(Records drawn from a dataset)
-- -- --
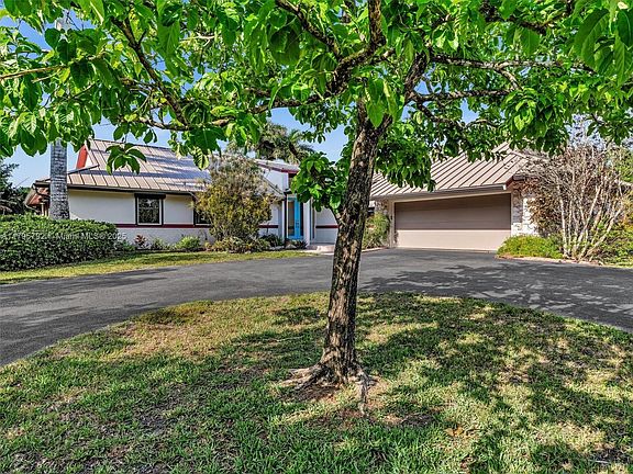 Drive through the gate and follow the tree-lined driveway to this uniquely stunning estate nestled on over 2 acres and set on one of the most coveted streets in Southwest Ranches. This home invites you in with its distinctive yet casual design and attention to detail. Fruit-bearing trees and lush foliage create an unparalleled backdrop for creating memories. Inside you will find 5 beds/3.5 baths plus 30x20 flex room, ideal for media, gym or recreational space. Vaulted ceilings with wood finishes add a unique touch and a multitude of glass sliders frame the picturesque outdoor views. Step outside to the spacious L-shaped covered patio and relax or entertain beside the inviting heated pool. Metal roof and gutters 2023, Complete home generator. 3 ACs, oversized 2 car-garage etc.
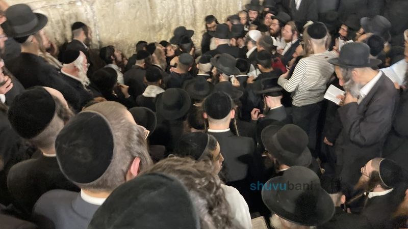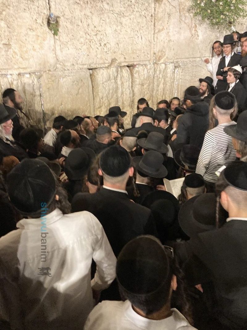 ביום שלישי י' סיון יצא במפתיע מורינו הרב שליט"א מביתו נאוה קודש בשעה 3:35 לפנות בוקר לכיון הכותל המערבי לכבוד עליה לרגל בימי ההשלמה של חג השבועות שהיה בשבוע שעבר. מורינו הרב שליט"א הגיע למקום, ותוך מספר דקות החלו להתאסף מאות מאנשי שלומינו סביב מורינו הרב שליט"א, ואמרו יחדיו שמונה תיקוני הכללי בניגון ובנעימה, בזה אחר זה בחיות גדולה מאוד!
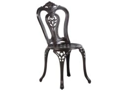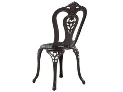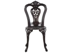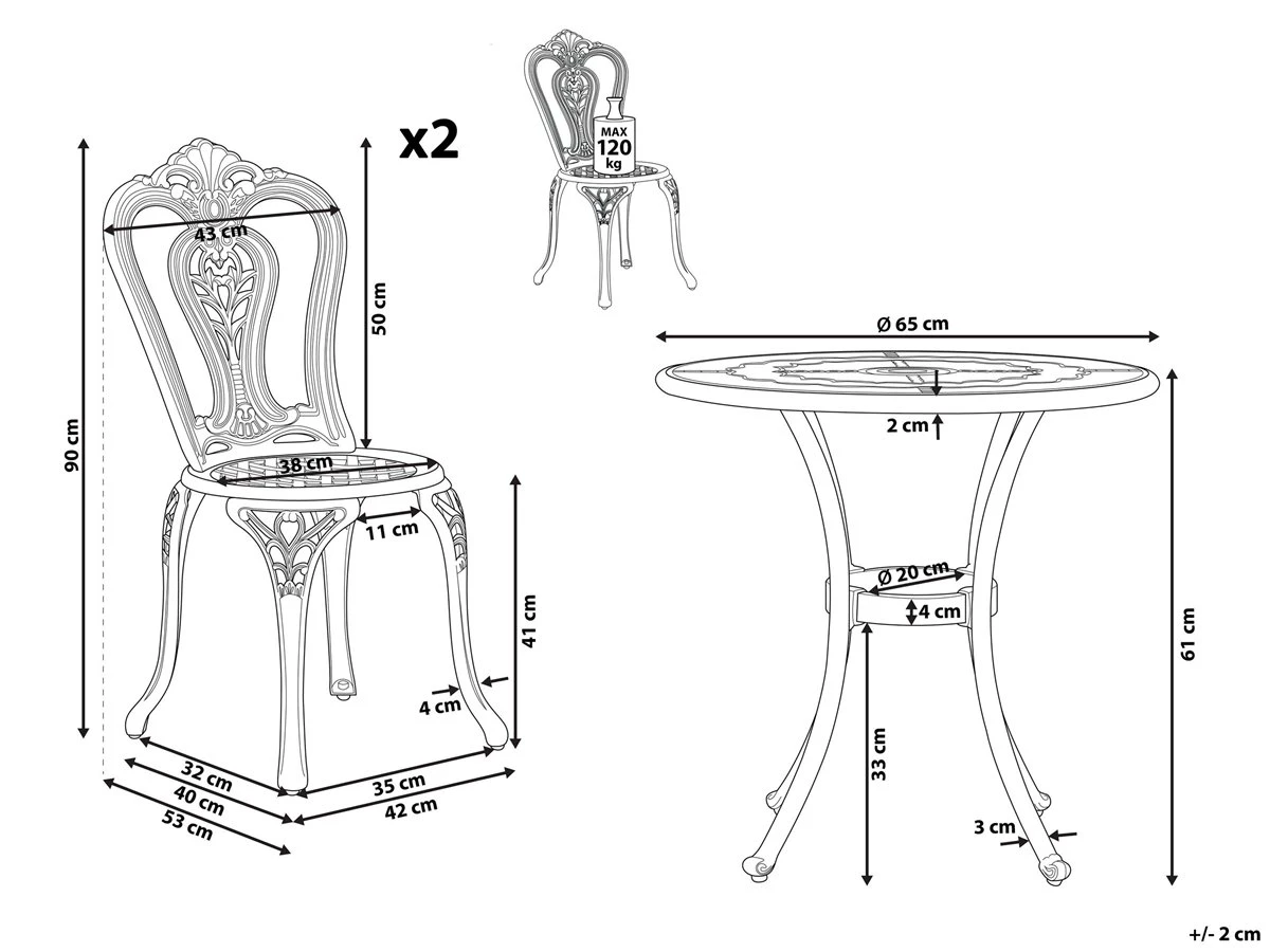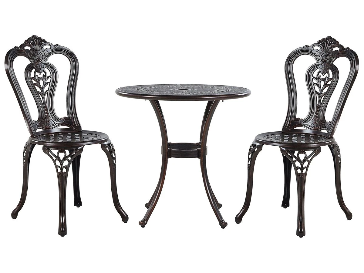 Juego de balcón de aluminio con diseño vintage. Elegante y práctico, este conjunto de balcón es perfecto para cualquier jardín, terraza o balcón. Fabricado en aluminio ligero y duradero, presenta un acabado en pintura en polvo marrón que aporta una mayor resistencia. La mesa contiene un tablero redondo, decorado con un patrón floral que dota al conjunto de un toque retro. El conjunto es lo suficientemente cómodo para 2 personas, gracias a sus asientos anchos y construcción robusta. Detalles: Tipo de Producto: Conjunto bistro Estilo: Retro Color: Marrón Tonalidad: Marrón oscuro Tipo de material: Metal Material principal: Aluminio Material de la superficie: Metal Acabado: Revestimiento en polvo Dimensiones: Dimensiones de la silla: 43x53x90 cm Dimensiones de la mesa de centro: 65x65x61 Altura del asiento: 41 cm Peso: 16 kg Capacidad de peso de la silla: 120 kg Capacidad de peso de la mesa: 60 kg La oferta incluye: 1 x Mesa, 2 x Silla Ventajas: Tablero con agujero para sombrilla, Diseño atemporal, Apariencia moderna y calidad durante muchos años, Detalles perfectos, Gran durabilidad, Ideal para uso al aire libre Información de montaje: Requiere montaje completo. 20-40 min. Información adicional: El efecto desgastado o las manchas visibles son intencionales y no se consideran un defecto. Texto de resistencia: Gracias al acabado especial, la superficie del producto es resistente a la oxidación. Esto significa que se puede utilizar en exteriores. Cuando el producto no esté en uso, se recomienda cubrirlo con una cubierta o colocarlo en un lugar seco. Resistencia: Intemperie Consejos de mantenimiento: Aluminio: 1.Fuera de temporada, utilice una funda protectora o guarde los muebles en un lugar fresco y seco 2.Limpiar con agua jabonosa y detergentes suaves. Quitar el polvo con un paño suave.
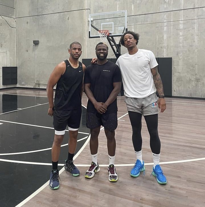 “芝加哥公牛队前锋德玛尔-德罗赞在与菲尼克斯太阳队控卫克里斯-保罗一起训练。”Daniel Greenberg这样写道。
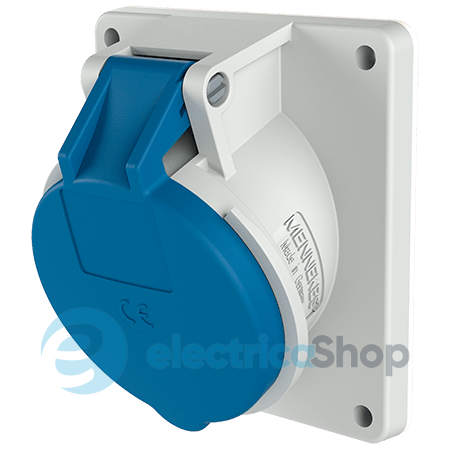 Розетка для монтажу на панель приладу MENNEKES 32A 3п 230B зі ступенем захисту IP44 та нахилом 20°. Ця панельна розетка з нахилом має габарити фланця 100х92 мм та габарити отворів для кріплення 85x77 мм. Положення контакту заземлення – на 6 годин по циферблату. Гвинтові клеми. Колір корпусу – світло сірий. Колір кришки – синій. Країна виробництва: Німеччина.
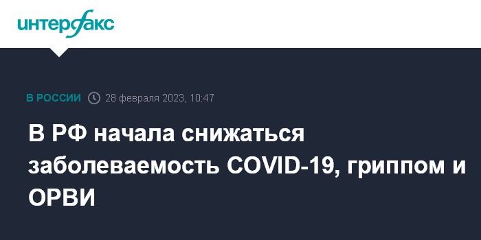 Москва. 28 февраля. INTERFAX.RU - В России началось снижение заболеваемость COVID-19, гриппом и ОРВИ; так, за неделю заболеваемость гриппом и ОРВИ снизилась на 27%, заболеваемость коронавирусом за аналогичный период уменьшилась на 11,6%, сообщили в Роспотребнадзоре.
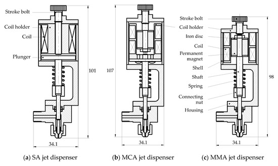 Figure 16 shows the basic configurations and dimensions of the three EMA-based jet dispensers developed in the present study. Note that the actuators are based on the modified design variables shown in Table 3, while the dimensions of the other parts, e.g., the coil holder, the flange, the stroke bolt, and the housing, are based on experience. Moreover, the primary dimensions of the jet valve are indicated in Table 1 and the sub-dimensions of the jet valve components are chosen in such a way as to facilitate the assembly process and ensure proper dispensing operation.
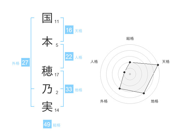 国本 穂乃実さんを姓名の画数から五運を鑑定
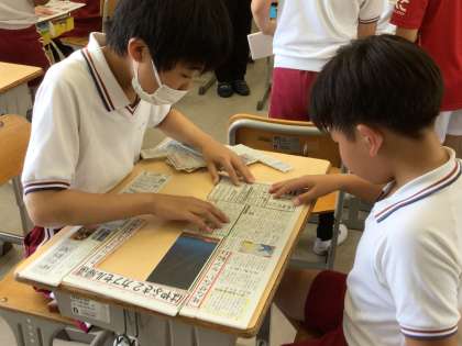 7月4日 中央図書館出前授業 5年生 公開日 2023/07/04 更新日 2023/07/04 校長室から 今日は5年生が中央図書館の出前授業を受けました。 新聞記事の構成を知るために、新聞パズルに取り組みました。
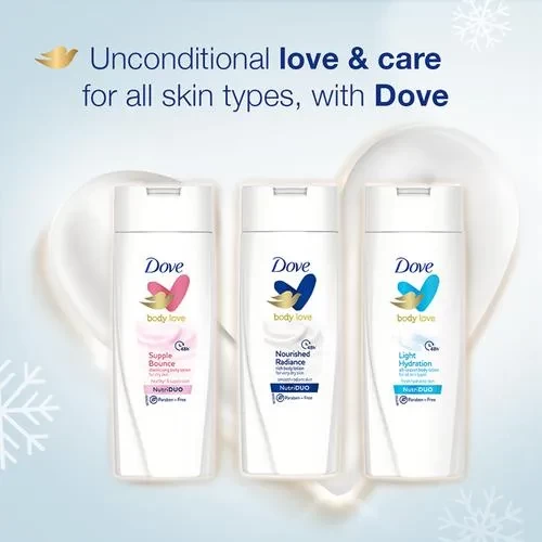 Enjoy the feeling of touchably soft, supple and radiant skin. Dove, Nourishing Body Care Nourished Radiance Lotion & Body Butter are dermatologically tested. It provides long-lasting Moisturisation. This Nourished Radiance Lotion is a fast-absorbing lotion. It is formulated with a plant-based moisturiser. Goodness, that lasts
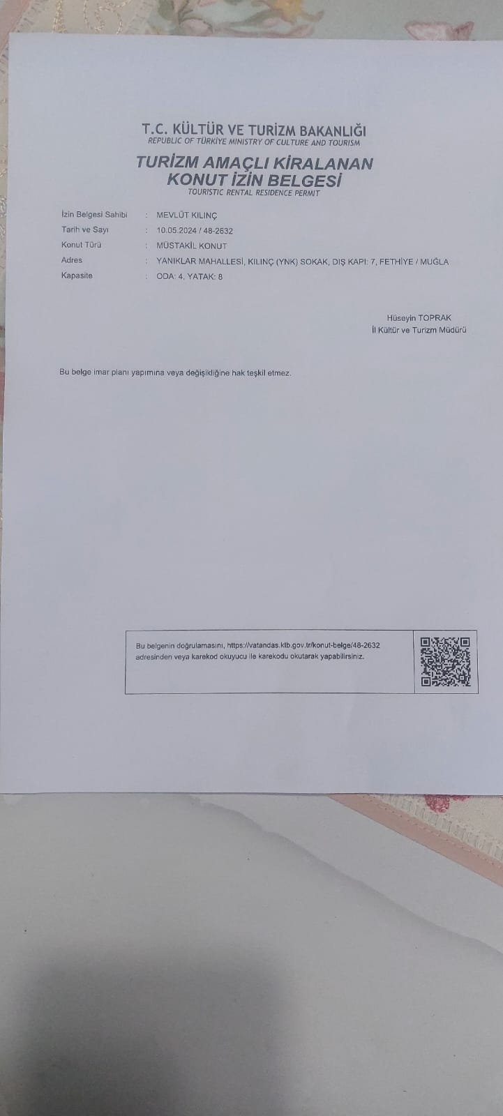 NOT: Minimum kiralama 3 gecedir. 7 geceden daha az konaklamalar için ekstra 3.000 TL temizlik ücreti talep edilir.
-- -- --
## Task details
The entries above need to be output again in full, exactly, and without pictures.

## Exercise response
 Drive through the gate and follow the tree-lined driveway to this uniquely stunning estate nestled on over 2 acres and set on one of the most coveted streets in Southwest Ranches. This home invites you in with its distinctive yet casual design and attention to detail. Fruit-bearing trees and lush foliage create an unparalleled backdrop for creating memories. Inside you will find 5 beds/3.5 baths plus 30x20 flex room, ideal for media, gym or recreational space. Vaulted ceilings with wood finishes add a unique touch and a multitude of glass sliders frame the picturesque outdoor views. Step outside to the spacious L-shaped covered patio and relax or entertain beside the inviting heated pool. Metal roof and gutters 2023, Complete home generator. 3 ACs, oversized 2 car-garage etc.
 ביום שלישי י' סיון יצא במפתיע מורינו הרב שליט"א מביתו נאוה קודש בשעה 3:35 לפנות בוקר לכיון הכותל המערבי לכבוד עליה לרגל בימי ההשלמה של חג השבועות שהיה בשבוע שעבר. מורינו הרב שליט"א הגיע למקום, ותוך מספר דקות החלו להתאסף מאות מאנשי שלומינו סביב מורינו הרב שליט"א, ואמרו יחדיו שמונה תיקוני הכללי בניגון ובנעימה, בזה אחר זה בחיות גדולה מאוד!
 Juego de balcón de aluminio con diseño vintage. Elegante y práctico, este conjunto de balcón es perfecto para cualquier jardín, terraza o balcón. Fabricado en aluminio ligero y duradero, presenta un acabado en pintura en polvo marrón que aporta una mayor resistencia. La mesa contiene un tablero redondo, decorado con un patrón floral que dota al conjunto de un toque retro. El conjunto es lo suficientemente cómodo para 2 personas, gracias a sus asientos anchos y construcción robusta. Detalles: Tipo de Producto: Conjunto bistro Estilo: Retro Color: Marrón Tonalidad: Marrón oscuro Tipo de material: Metal Material principal: Aluminio Material de la superficie: Metal Acabado: Revestimiento en polvo Dimensiones: Dimensiones de la silla: 43x53x90 cm Dimensiones de la mesa de centro: 65x65x61 Altura del asiento: 41 cm Peso: 16 kg Capacidad de peso de la silla: 120 kg Capacidad de peso de la mesa: 60 kg La oferta incluye: 1 x Mesa, 2 x Silla Ventajas: Tablero con agujero para sombrilla, Diseño atemporal, Apariencia moderna y calidad durante muchos años, Detalles perfectos, Gran durabilidad, Ideal para uso al aire libre Información de montaje: Requiere montaje completo. 20-40 min. Información adicional: El efecto desgastado o las manchas visibles son intencionales y no se consideran un defecto. Texto de resistencia: Gracias al acabado especial, la superficie del producto es resistente a la oxidación. Esto significa que se puede utilizar en exteriores. Cuando el producto no esté en uso, se recomienda cubrirlo con una cubierta o colocarlo en un lugar seco. Resistencia: Intemperie Consejos de mantenimiento: Aluminio: 1.Fuera de temporada, utilice una funda protectora o guarde los muebles en un lugar fresco y seco 2.Limpiar con agua jabonosa y detergentes suaves. Quitar el polvo con un paño suave.
 “芝加哥公牛队前锋德玛尔-德罗赞在与菲尼克斯太阳队控卫克里斯-保罗一起训练。”Daniel Greenberg这样写道。
 Розетка для монтажу на панель приладу MENNEKES 32A 3п 230B зі ступенем захисту IP44 та нахилом 20°. Ця панельна розетка з нахилом має габарити фланця 100х92 мм та габарити отворів для кріплення 85x77 мм. Положення контакту заземлення – на 6 годин по циферблату. Гвинтові клеми. Колір корпусу – світло сірий. Колір кришки – синій. Країна виробництва: Німеччина.
 Москва. 28 февраля. INTERFAX.RU - В России началось снижение заболеваемость COVID-19, гриппом и ОРВИ; так, за неделю заболеваемость гриппом и ОРВИ снизилась на 27%, заболеваемость коронавирусом за аналогичный период уменьшилась на 11,6%, сообщили в Роспотребнадзоре.
 Figure 16 shows the basic configurations and dimensions of the three EMA-based jet dispensers developed in the present study. Note that the actuators are based on the modified design variables shown in Table 3, while the dimensions of the other parts, e.g., the coil holder, the flange, the stroke bolt, and the housing, are based on experience. Moreover, the primary dimensions of the jet valve are indicated in Table 1 and the sub-dimensions of the jet valve components are chosen in such a way as to facilitate the assembly process and ensure proper dispensing operation.
 国本 穂乃実さんを姓名の画数から五運を鑑定
 7月4日 中央図書館出前授業 5年生 公開日 2023/07/04 更新日 2023/07/04 校長室から 今日は5年生が中央図書館の出前授業を受けました。 新聞記事の構成を知るために、新聞パズルに取り組みました。
 Enjoy the feeling of touchably soft, supple and radiant skin. Dove, Nourishing Body Care Nourished Radiance Lotion & Body Butter are dermatologically tested. It provides long-lasting Moisturisation. This Nourished Radiance Lotion is a fast-absorbing lotion. It is formulated with a plant-based moisturiser. Goodness, that lasts
 NOT: Minimum kiralama 3 gecedir. 7 geceden daha az konaklamalar için ekstra 3.000 TL temizlik ücreti talep edilir.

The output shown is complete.